# sembrò o sembrava



## danieldaylewis

"I giorni seguenti Matilde si fece un animatore turistico, un turista tedesco e un americano. Ma la sua passione sembrava rivolgersi principalmente agli uomini di colore. E poiché i servizi di ristoro, di igiene e turistici erano, prevalentemente, svolti da uomini di colore, nelle settimane successive Matilde sembrò collezionarli come figurine."

Secondo voi questo periodo è corretto, sono particolarmente interessato al verbo "sembrò", o era più appropriato "sembrava"?


----------



## laurentius87

danieldaylewis said:


> "I giorni seguenti Matilde si fece un animatore turistico, un turista tedesco e un americano. Ma la sua passione sembrava rivolgersi principalmente agli uomini di colore.
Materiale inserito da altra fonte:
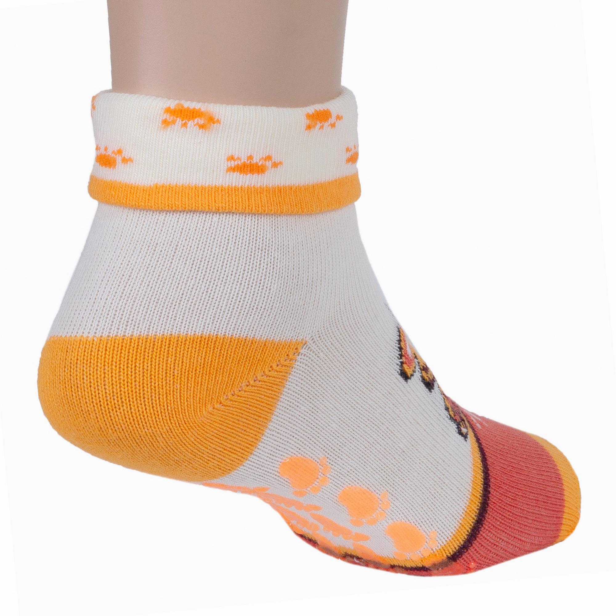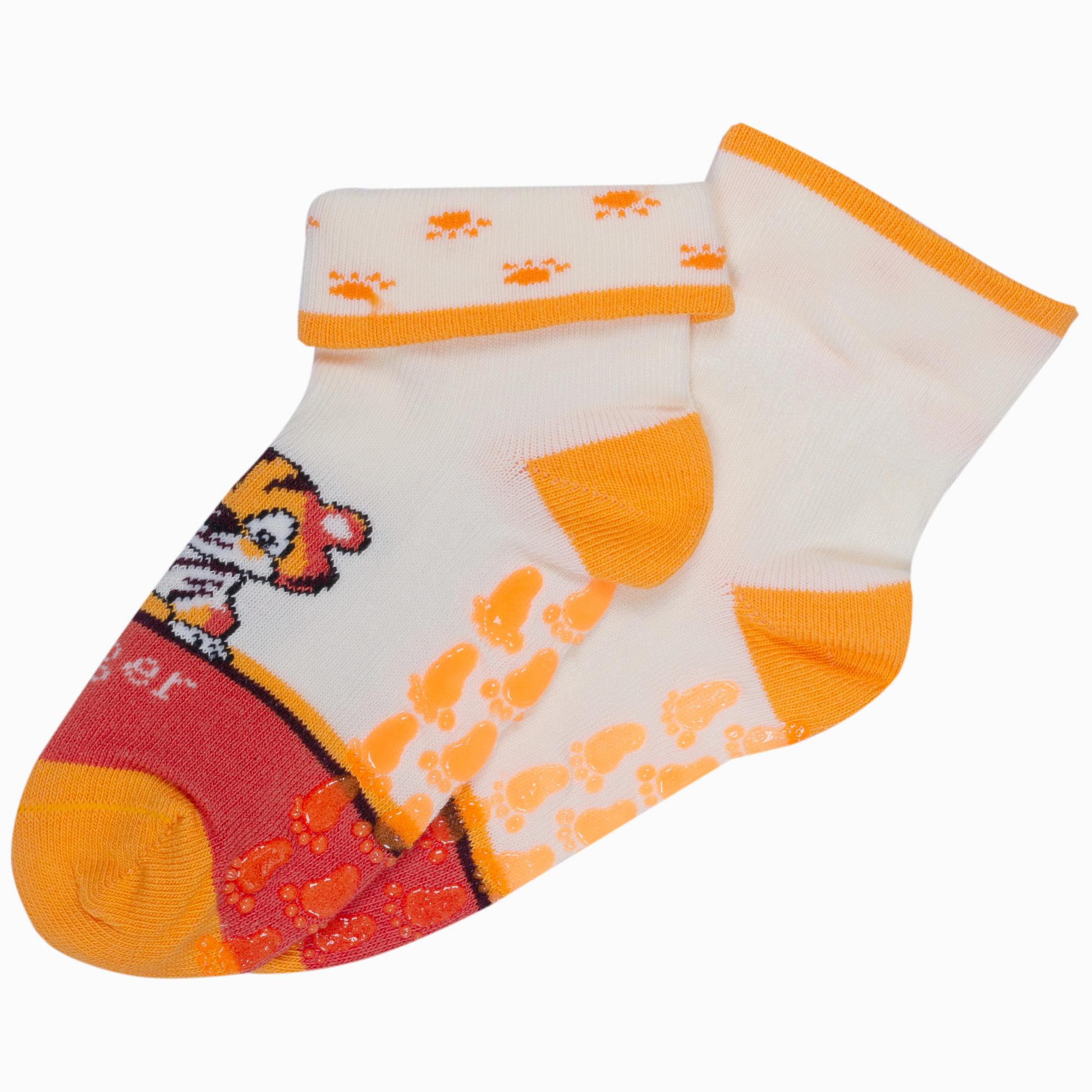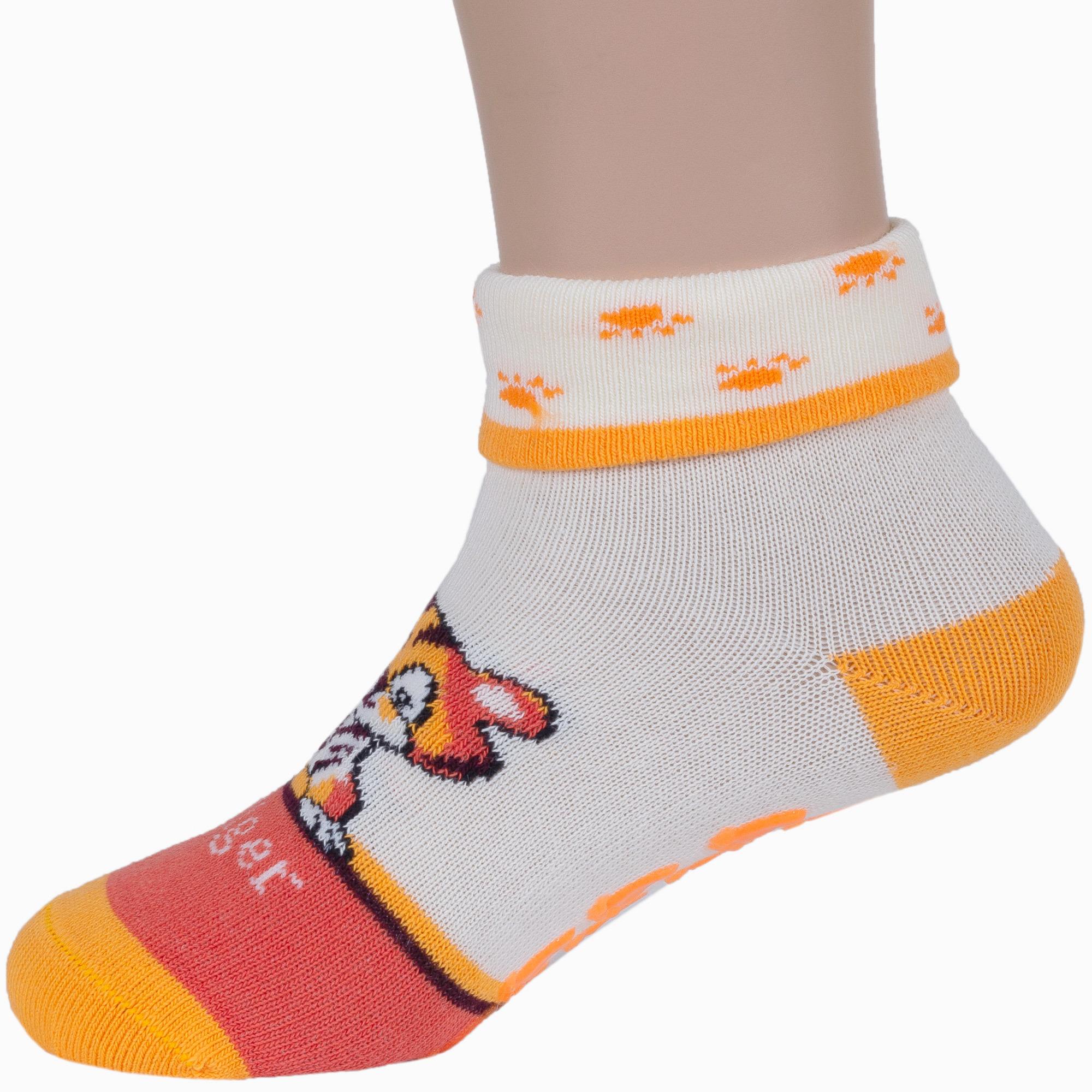 Круглогодичные укороченные детские носки, цвет многоцветные (мультиколор), с отворотом, с нескользящей стопой, повседневные, шов кеттельный (бесшовная технология), принт (рисунок): животные, с узором, крупные контрастные рисунки, состав: 78% хлопок, 20% полиамид, 2% эластан, арт. ДТ-95. Производитель «ООО Орудьевский трикотаж, Россия» под брендом «Rusocks (орудьевский трикотаж)».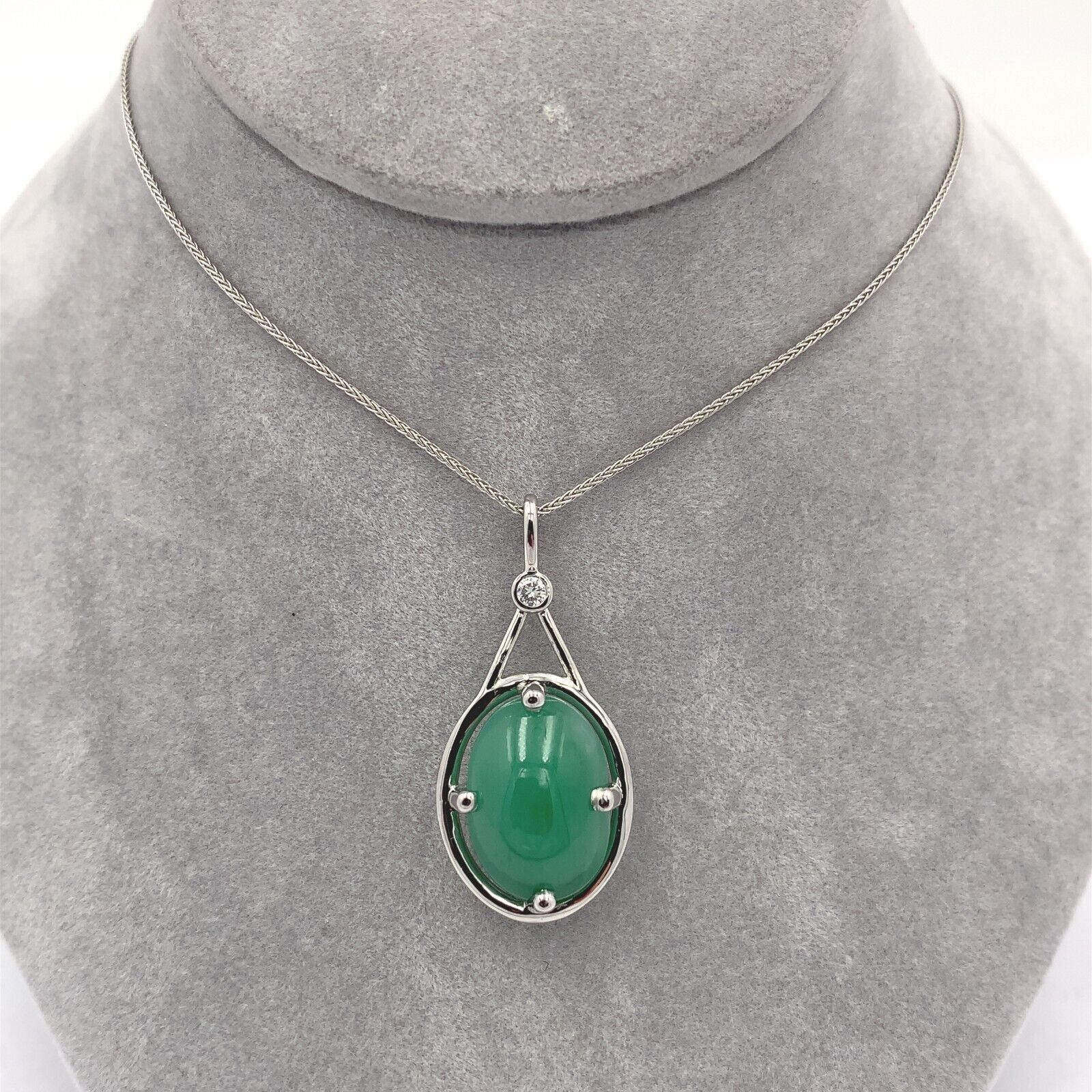 Platinum 9.55 Carat GIA Jadeite A Jade Pendant w/Diamond Platinum Chain (#J6512)

E poiché i servizi di ristoro, di igiene e turistici erano, prevalentemente, svolti da uomini di colore, nelle settimane successive Matilde sembrò collezionarli come figurine."
> 
> Secondo voi questo periodo è corretto, sono particolarmente interessato al verbo "sembrò", o era più appropriato "sembrava"?



Beh, direi che _sembrò_ è corretto e, in un testo narrativo, mi suona molto bene. Con _sembrava_, pure corretto, viene accentuata l'idea di continuità dell'azione.


----------



## Necsus

Francamente quella che non mi pare corretta è la presenza del verbo _sembrare_ in quella seconda frase: o lo ha fatto o non lo ha fatto, a chi dovrebbe sembrare? Ma il tempo è usato correttamente: "... nelle settimane successive Matilde _li collezionò_ come figurine".


----------



## zone noire

Necsus said:


> Francamente quella che non mi pare corretta è la presenza del verbo _sembrare_ in quella seconda frase: o lo ha fatto o non lo ha fatto, a chi dovrebbe sembrare? Ma il tempo è usato correttamente: "... nelle settimane successive Matilde _li collezionò_ come figurine".


 
Sono d'accordo con Necsus 

Se per una qualche ragione sussistesse ancora il dubbio dell'autore che Matilde non li abbia collezionati si potrebbe al limite dire: _nelle settimane successive Matilde diede l'impressione di collezionarli come figurine_ (lasciando ancora un flebile dubbio che cio' non sia vero).


----------



## gc200000

Credo che il verbo sembrare sia relativo alle figurine.

Li collezionava.

Sembravano figurine.

Considerato che il verbo "sembrare" si trova anche nella frase precedente, era meglio non ripeterlo e usare le alternative di necsus e zona nera.


----------



## Necsus

gc200000 said:


> Credo che il verbo sembrare sia relativo alle figurine.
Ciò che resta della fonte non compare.